Le vote par correspondance ou par internet amusera peut-être la galerie. Le défi d’Emmanuel Macron après ces élections régionales est tout autre, il est de montrer, à l’issue de son quinquennat, non pas qu’il faut voter, mais que la politique est encore utile. Lui qui avait déboulé en 2017 avec l’idée d’installer un nouveau monde qui se ferait fort de ré-enchanter la vie publique peut mesurer l’ampleur de la déception. L’abstention n’est pas seulement le premier parti de France, elle s’incruste, s’installe, se répand. Elle ne diminue pas vraiment d’un tour à l’autre, comme c’est pourtant souvent le cas aux régionales.
Le chef de l’Etat peut aussi constater que les candidats qui portaient ses couleurs, qu’ils aient été ministres ou non, n’ont pas réussi à s’implanter dans les territoires. Ce n’est pas tout : le héraut du Front républicain, élu en barrage à Marine Le Pen il y a quatre ans, a mauvaise mine. Les Marcheurs se voulaient moins l’arbitre des élégances à droite et à gauche que l’incontournable élément des victoires contre l’extrême droite, ils ne furent ni l’un ni l’autre. Le vote utile ne passa pas davantage par eux.

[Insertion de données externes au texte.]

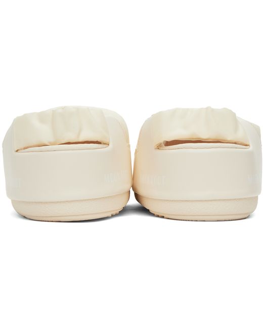 Insulated quilted water-repellent nylon canvas slippers in off-white. · Grained faux-leather trim throughout · Elasticized slingback strap · Logo printed at sides · Jersey lining · Crepe rubber midsole · Treaded rubber sole Supplier color: Cream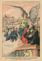 Goodbye!!, French soldiers on the way to Madagascar, 1895 Goodbye to our soldiers from Madagascar: departure of the French expedition for Madagascar - in Fraternal Entente (allegorical image of the Franco-Russian Entente) - in “Le Petit Journal” Italy providing civilization to Tripolitania, illustration from Whilst the Parliament is in Turmoil, the Enemies of France Ready Themselves, from the Front Page of the Illustrated Supplement of The Panama Affair, from the Front Page of the Illustrated Supplement of National Movement for Military Aviation - Engraving in Justice! : President Kruger Coming to Plead the Cause of His People in Holland, to Queen Wilhelmine - in Russian-Japanese War 1904-1905: Japanese allowing General Stoessel and the Russian defenders of Port Arthur honorable surrender. From Le Petit Journal, Paris Winter in Paris, walking in the mud, illustration from Marianne gives the necessary broom against liquidators, traffickers and singers (Marianne and the scandals of the 3rd Republic) - Le Petit Journal of Saturday 27 March 1910 The Civilizing Mission A National Movement in Support of Military Aviation (colour litho) Celebration Given by the Ville of Paris for the Benefit of the Flood Victims in South France, illustration from Saying Farewell to French Soldiers Setting Off on the Expedition to Madagascar The Departure of the Expeditionary Corps Hot air balloons crossing the Sahara desert How the Air Conquerors are Welcomed in France, Ernest Willows, illustration from Kiel!, 1895 Siege of Port Arthur, Russo-Japanese War Tsar Nicolas II in France, Arriving at Dunkirk, Front Cover Illustration from Talk About Something Else! The Reinach Trial Jacques de Lesseps (1883-1927) upon his arrival in Canada in 1910. Illustration by Achille Beltrame for the Domenica del Corriere of July 24 New Year, France Hopes for Better Days, Illustration from Drowning in the Mekong Rapids, illustration from Arrival of General Voyron at Marseilles on His Return from China The day

Et pourtant… Pourtant, au lendemain de l’entre-deux tours, un proche parmi les proches d’Emmanuel Macron confiait : « Si on n’a pas une nouvelle vague du coronavirus, je crois que le président sera tranquillement réélu » – oui, il disait « tranquillement ». Or depuis François Mitterrand surfant sur la cohabitation en 1988, tous les présidents sortants qui se sont représentés (le dernier n’y est même pas parvenu) ont réalisé cette année-là au premier tour un moins bon score que la fois où ils ont été élus. Or les régionales 2021 n’annoncent peut-être pas la présidentielle 2022 (même si le chef de l’Etat se consolera sans doute en voyant que tous les présidents sortants ont été reconduits !) mais… ne laissent en aucun cas augurer le meilleur pour LREM aux législatives. « Aujourd’hui, si Emmanuel Macron est le meilleur sur le marché, il n’est pas en situation de remporter la majorité à l’Assemblée nationale », constate un ancien Premier ministre.
Le 11 juillet 1987, en pleine crise entre la France et L’Iran, François Mitterrand réunit à Latche, dans le plus grand secret, ses fidèles. Il n’a pas encore annoncé sa candidature, loin de là, mais le moment est venu pour lui de prendre des décisions, de s’organiser : une campagne ne s’improvise pas. C’est dès ce moment-là que Mitterrand demande au premier secrétaire du PS, Lionel Jospin, d’entrer en contact avec ses proches pour réfléchir aux affiches ainsi qu’au calendrier des meetings.
Comme à l’époque, nous sommes à dix mois de l’élection présidentielle. Plusieurs soutiens d’Emmanuel Macron, à l’image de François Bayrou ou de Richard Ferrand, le pressent d’ordonner les choses pour ne pas se laisser ballotter. Mais quand on lui parle de s’organiser, le président a l’impression qu’on lui vole sa liberté. On lui propose un cadre, il perçoit un carcan. Son exercice solitaire du pouvoir devient un problème dans une France qui n’attend plus grand-chose d’un Deus ex machina. Déjà son impatience, compréhensible à défaut d’être prédictive, à en avoir fini avec la pandémie l’avait conduit à changer de Premier ministre en juillet 2020 pour tourner la page. Le temps presse, il lui reste peu de cartes à jouer. « Se réinventer », avait-il dit.